Wednesday, August 1, 2018

Colorado Bound, Lickety Split

We decided we wanted to be in Colorado and the forecast was more cold rain for a week anyways so we left New Hampshire a week earlier than planned and quickly scampered through Vermont, New York (paused for 3 days here near Niagara Falls), Ohio, Indiana, Illinois, Iowa, and Nebraska.

Here's what I can tell you about Vermont: it's breathtaking, even in the pouring rain. Everything you've heard is true; more than once I found myself staring open-mouthed across the view and had to force myself back to reality (oh yeah - don't forget you're driving an 11 ton rig - doh!) I can only imagine how mind-blowing it will be with Fall colors. We stopped at the Ben & Jerry's factory, which was crazy crowded so we spent some time visiting the flavor graveyard and otherwise fled the mob scene. Their website advertises RV parking, and they do have it, but getting into/out of it wasn't for the faint of heart; it was possible, but I'll not be doing it again.

The ice cream puns at the flavor graveyard are delicious, too

Upstate New York was relaxed and beautiful. We settled in to celebrate a few days of unexpected sunshine at the Elks Lodge in Lockport NY, an adorable little town right on the Erie Canal. The river walk goes along the canal edge for miles, probably along the same path where the mules of long ago trod pulling barges.
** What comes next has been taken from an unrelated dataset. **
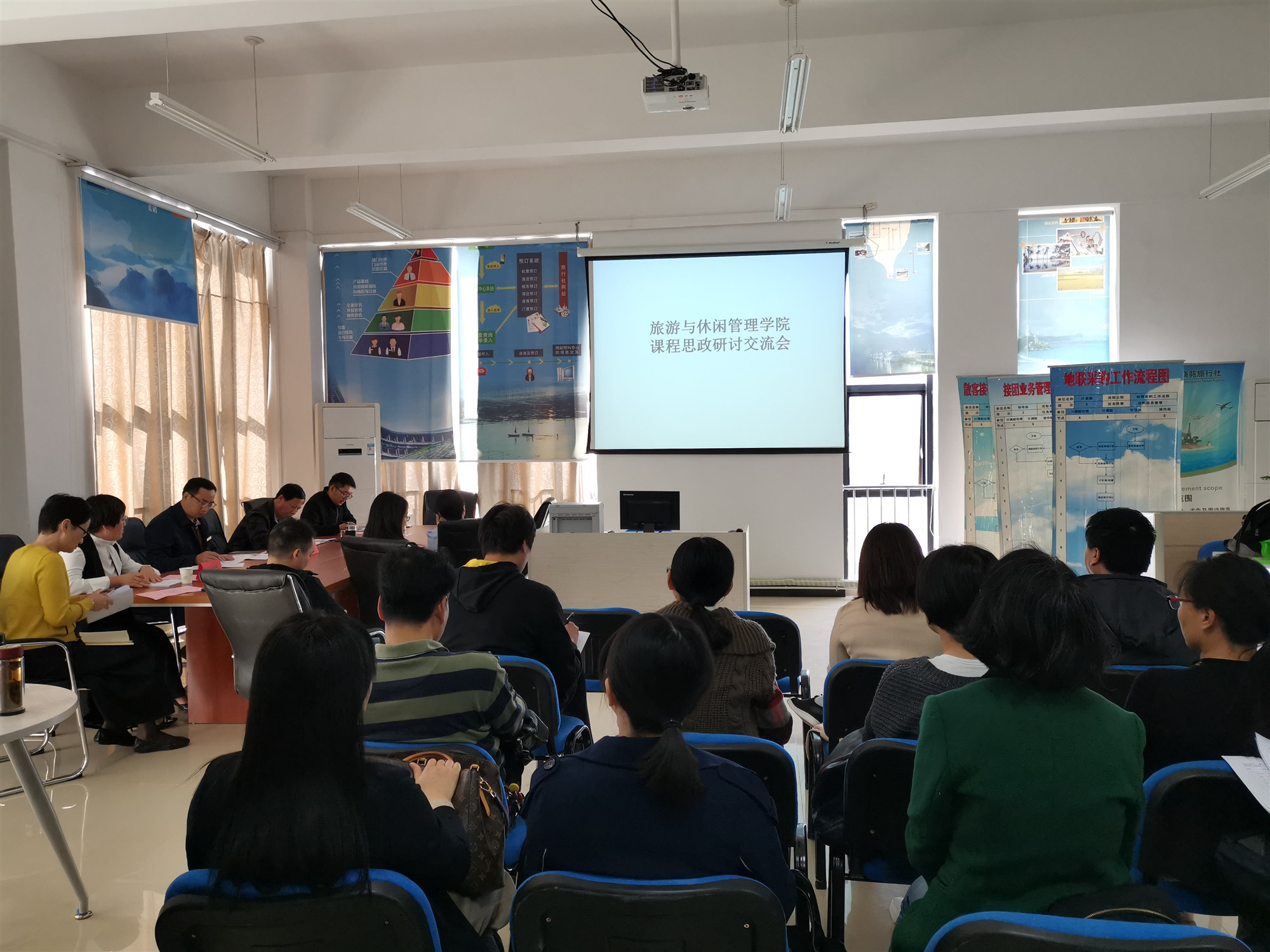 11月19日下午,旅游与休闲管理学院在旅行社实训室召开课程思政研讨会。副校长蒲文庆出席研讨会并讲话。

Buildings along the Erie Canal in Lockport NY

Lockport was also a short drive along the river's edge to Niagara Falls, so we took a Maids of the Mist boat ride right up to the falls. The amount of power the little boat used to keep us in place against the stream was unbelievable. They hand out ponchos as part of the tour price, and we dutifully put them on but there wasn't much point to it as we got soaked anyways.
Getting soaked by the spray

Up close and personal to the Niagara Falls, the boat straining to keep us in place against the current

For the ride West we debated the cost of the toll road Turnpike Highway 90 against the time it would save us, and ultimately decided to pay the bill (final grand total bill was $120). The E-Z Pass New York transponder covered all of the tolls from New York through Illinois, although after some drama at one of the early toll plazas we moved the transponder in the RV down from the as-instructed top/center of the window to the bottom/driver side of the window so it could be read by the automated reader. In New York, Ohio and Illinois the turnpike is very well maintained; not so much in Indiana, but you still have to pay for it anyway, rrrrrgh. The Turnpike 90 road quality across Indiana is now tied with Pennsylvania for the dubious winning title of Worst Road In America.
Congratulations Indiana!

In Ohio they have off-ramp plazas fully equipped with 50amp RV service, a trucker rest area separate from the RVer rest area, showers, an RV dump, you can stay overnight and enjoy the 50amp service for the cost of a $20 ticket issued by a vending machine. There are also restaurants, a roomy fuel dock, and a pet run area onsite. When it comes to handling road-weary travelers - Ohio really gets it!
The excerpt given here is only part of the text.